**Given information**
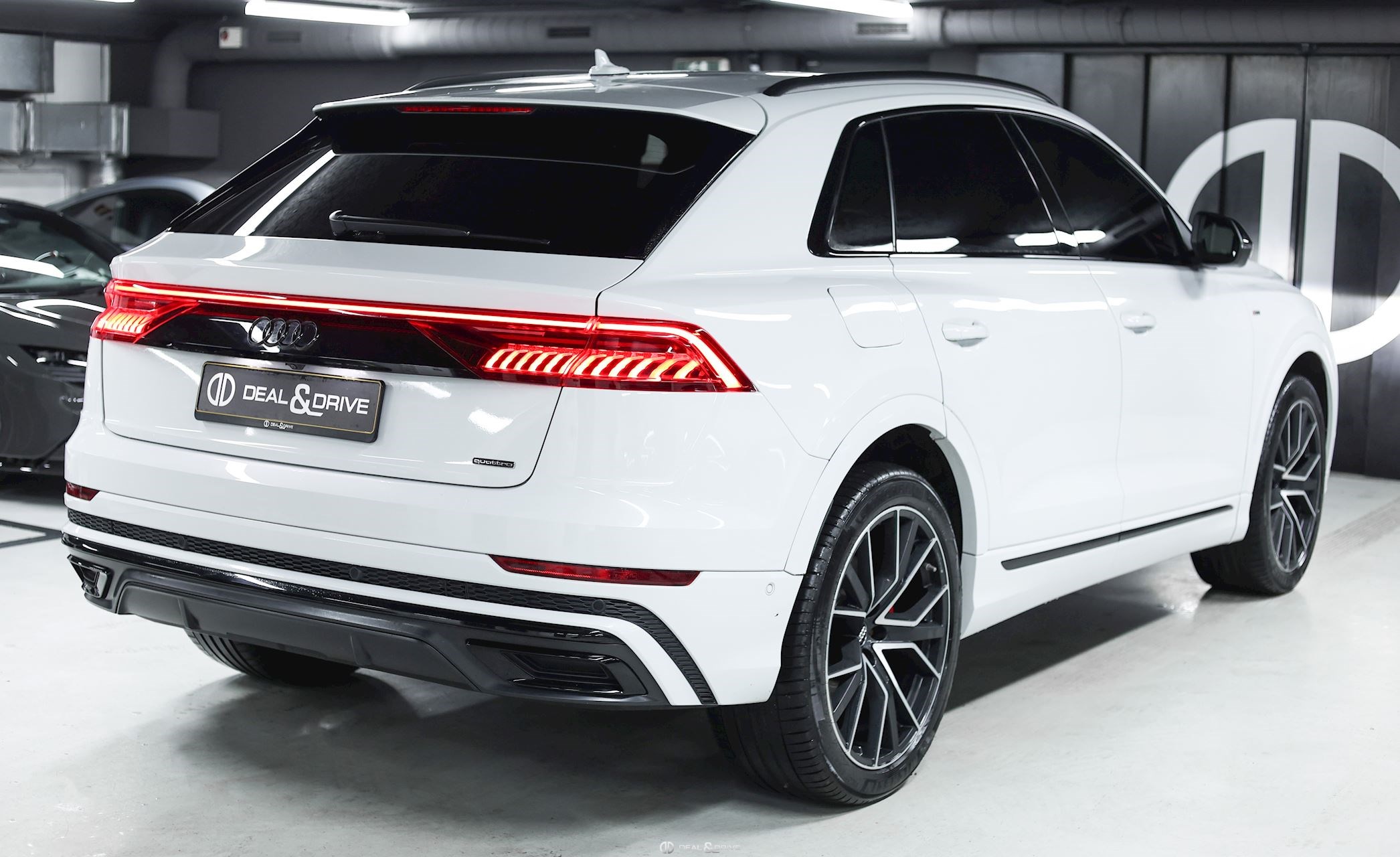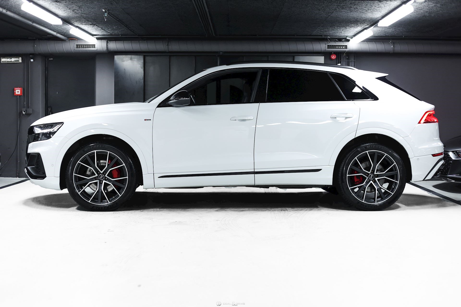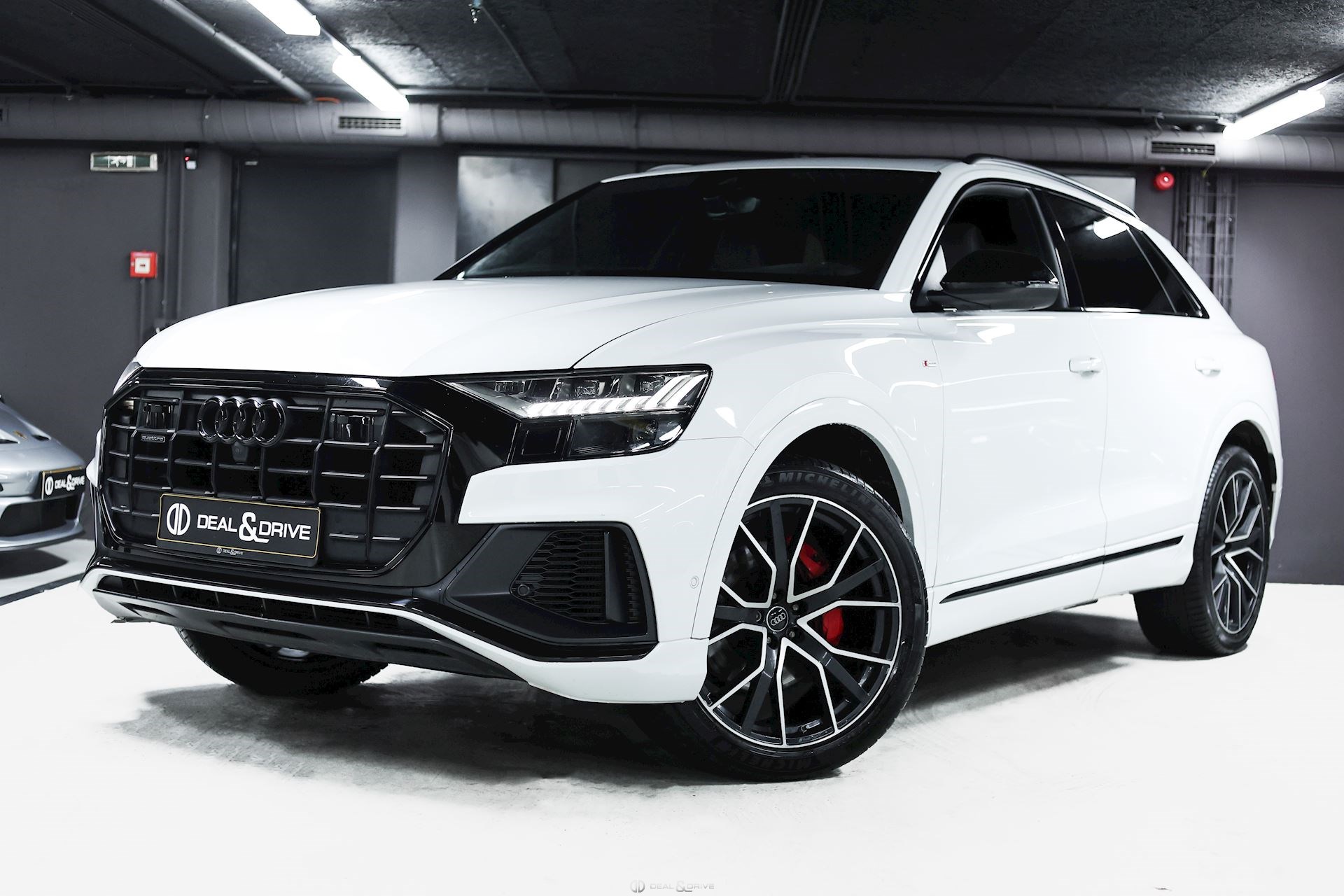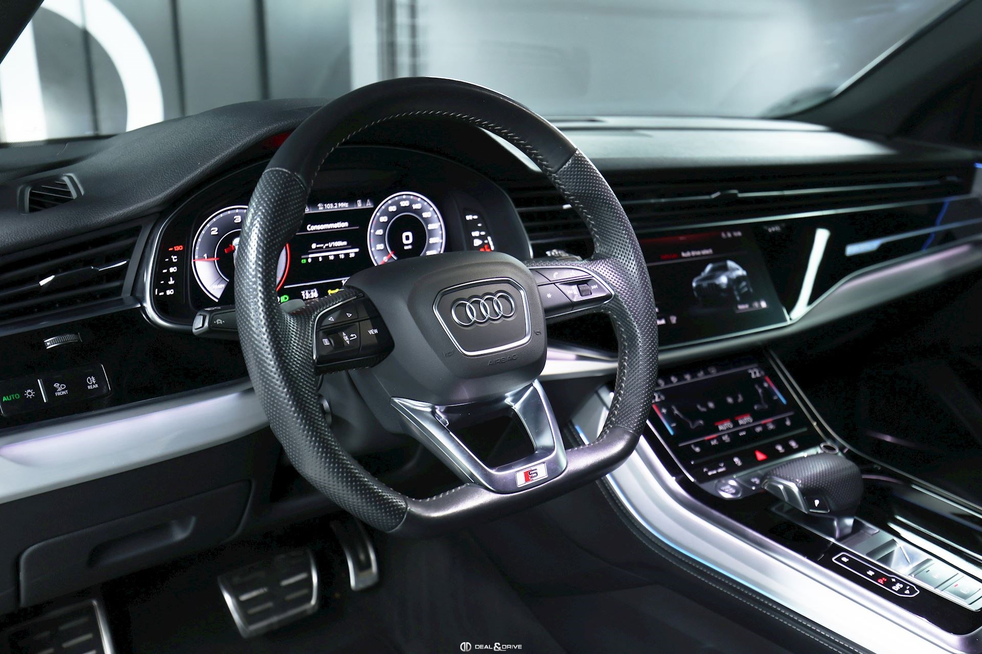 Sellerie en cuir Valcona avec piqûres en losange Système audio BANG & OLUFSEN Inserts de portes en Alcantara Feux Matrix LED HD Feux de croisement automatiques Feux de route automatiques Accoudoir central avant avec équipement Confort Audi Music Interface Audi Smartphone Interface Barres de toit en Noir Sélecteur des modes de conduite Audi Drive Select Suspension pneumatique Climatisation automatique 4 zones Clef confort Seuil de chargement en Inox Hayon électrique Volant en cuir, multifonctions Volant réglable électriquement Audi Virtual Cockpit Plus Système de contrôle de la pression des pneus Interface Bluetooth Système de commande vocale Ports USB Système de navigation Pare-soleils doubles Plafonnier Noir Jantes alliage léger 22'', 5 branches en V avec Design étoile, Anthracite Lave-phares Rideaux pare-soleils à l'arrière Coques des rétroviseurs extérieurs en Noir Sièges Sport Plus Sièges avant électriques Sièges avant avec fonction mémoire Appuie-lombaires électriques Aides au stationnement avant et arrière APS Plus Camréa 360° avec Top View Vitrage arrière surteinté Toit ouvrant panoramique Toutes roues directrices Audi Phone Box Etriers de frein en Rouge
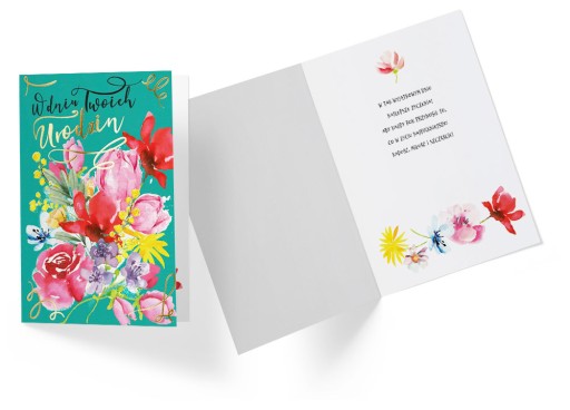 KARNET na URODZINY B6 z kopertą KUKART KARNET urodzinowy OZDOBNY w KWIATY
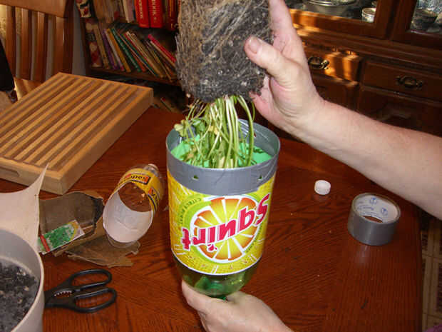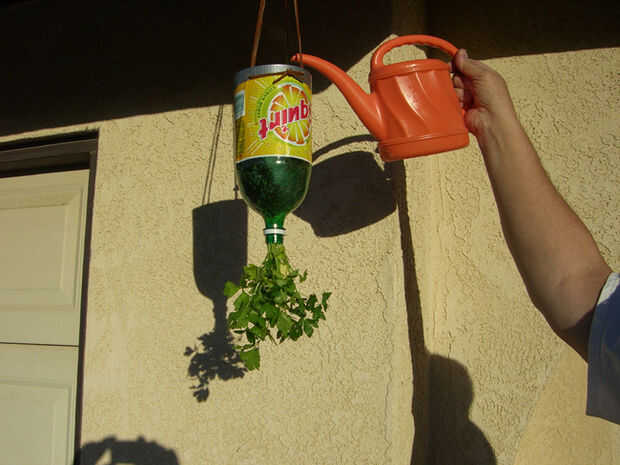 El concepto es que mantiene las plantas de la tierra de las plagas y colgando boca abajo las plantas naturalmente crecerá hacia arriba hacia la luz del sol. Con el agua que fluye hacia abajo a la planta sí mismo también obtiene humedad y nutrientes en sus hojas, así produciendo una planta más robusto rendimiento.

**Action item**
Output the material verbatim, skipping the images.

**Task solution**
 Sellerie en cuir Valcona avec piqûres en losange Système audio BANG & OLUFSEN Inserts de portes en Alcantara Feux Matrix LED HD Feux de croisement automatiques Feux de route automatiques Accoudoir central avant avec équipement Confort Audi Music Interface Audi Smartphone Interface Barres de toit en Noir Sélecteur des modes de conduite Audi Drive Select Suspension pneumatique Climatisation automatique 4 zones Clef confort Seuil de chargement en Inox Hayon électrique Volant en cuir, multifonctions Volant réglable électriquement Audi Virtual Cockpit Plus Système de contrôle de la pression des pneus Interface Bluetooth Système de commande vocale Ports USB Système de navigation Pare-soleils doubles Plafonnier Noir Jantes alliage léger 22'', 5 branches en V avec Design étoile, Anthracite Lave-phares Rideaux pare-soleils à l'arrière Coques des rétroviseurs extérieurs en Noir Sièges Sport Plus Sièges avant électriques Sièges avant avec fonction mémoire Appuie-lombaires électriques Aides au stationnement avant et arrière APS Plus Camréa 360° avec Top View Vitrage arrière surteinté Toit ouvrant panoramique Toutes roues directrices Audi Phone Box Etriers de frein en Rouge
 KARNET na URODZINY B6 z kopertą KUKART KARNET urodzinowy OZDOBNY w KWIATY
 El concepto es que mantiene las plantas de la tierra de las plagas y colgando boca abajo las plantas naturalmente crecerá hacia arriba hacia la luz del sol. Con el agua que fluye hacia abajo a la planta sí mismo también obtiene humedad y nutrientes en sus hojas, así produciendo una planta más robusto rendimiento.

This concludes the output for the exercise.